La BoJ, confrontée à une "raréfaction" des bons du Trésor, "a débuté la normalisation à ce moment-là mais sans le dire ouvertement" pour ne pas provoquer de remous sur les marchés, et son message est alors "devenu indéchiffrable", estime Mme Shirai.

Rebelote en juillet dernier: de nouveau, la banque centrale japonaise a procédé à des ajustements ouvrant en réalité la voie à un resserrement, ajoute-t-elle, parlant de "camouflage".

A l'origine, la BoJ voulait, selon des rumeurs, aller plus loin et envisageait de relever les taux dès cette année mais a abandonné l'idée face à la faiblesse de l'inflation bloquée en deçà de 1%.

- Acte IV: "l'impasse" -

"C'est l'héritage de presque deux décennies de déflation ou désinflation" et aussi le résultat du déclin démographique, analyse Shigeto Nagai, d'Oxford Economics.

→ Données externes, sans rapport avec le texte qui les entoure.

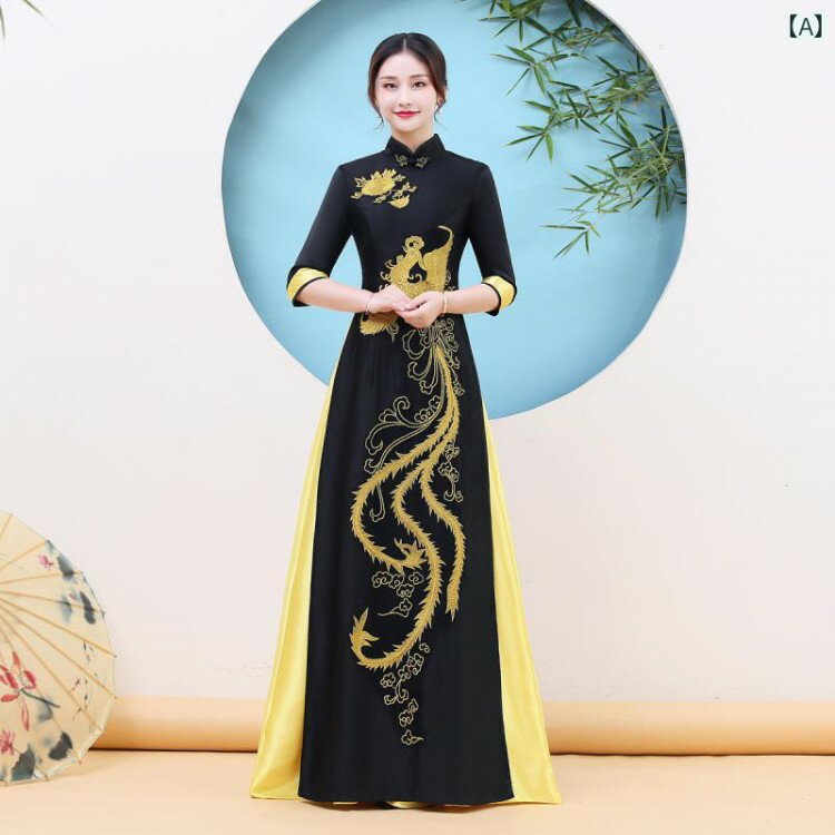 【クーポン利用で10%OFF】アオザイ チャイナドレス レディース エレガント パフォーマンス ブラック 衣装 刺繍 ストレート 7分袖 コーラス ベトナム

Les entreprises ont peur de perdre des clients si elles augmentent leurs prix. Quant aux consommateurs, les plus âgés affectionnent les bas de laine, tandis que les plus jeunes épargnent par anxiété pour un avenir grevé par les dépenses sociales, explique l'expert.

Donc, faute de réformes de fond, "l'inflation n'atteindra pas 2%, même au-delà de 2021".

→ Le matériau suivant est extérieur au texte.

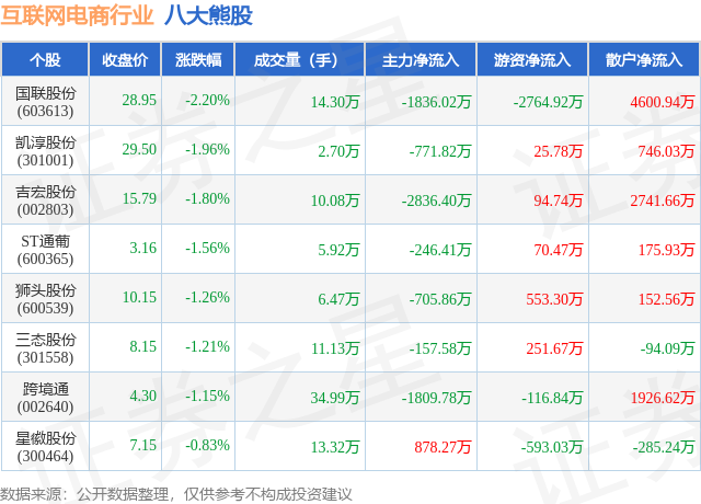 个股表现方面,互联网电商行业当日领跌股为国联股份(603613),该股当日报收28.95,下跌2.2%,成交量14.3万,主力资金净流出1836.02万元。凯淳股份(301001)以下跌1.96%紧随其后,该股当日成交量2.7万,主力资金净流出771.82万元。除此之外,吉宏股份(002803)、ST通葡(600365)、狮头股份(600539)均进入当日熊股之列。具体个股列表见下表: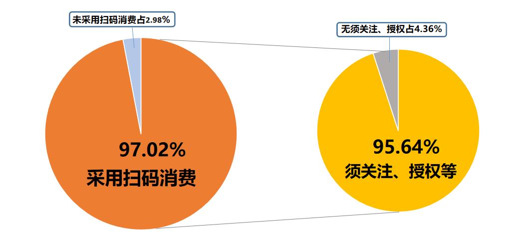 根據(jù)深圳市消委會初步調(diào)查,共走訪了36個大中型商超,26個連鎖餐飲品牌。統(tǒng)計(jì)數(shù)據(jù)顯示,有97.02%的商家采用了掃碼消費(fèi),其中95.64%的商家在掃碼后仍須關(guān)注或授權(quán)才可進(jìn)行消費(fèi)。

En attendant, la BoJ est "dans l'impasse: elle ne peut pas franchement resserrer, ni assouplir davantage. Elle n'a d'autre choix que de s'en tenir à sa politique actuelle mais l'inflation n'augmentera pas tandis que la situation financière du pays se dégrade", résume M. Nagai.

Car la BoJ a accumulé un montant colossal d'actifs au fil des années, une somme quasi équivalente au produit intérieur brut (PIB) nippon. "Sera-t-il possible un jour de réduire à zéro les actifs rachetés? Je ne sais pas comment", souffle Mme Shirai.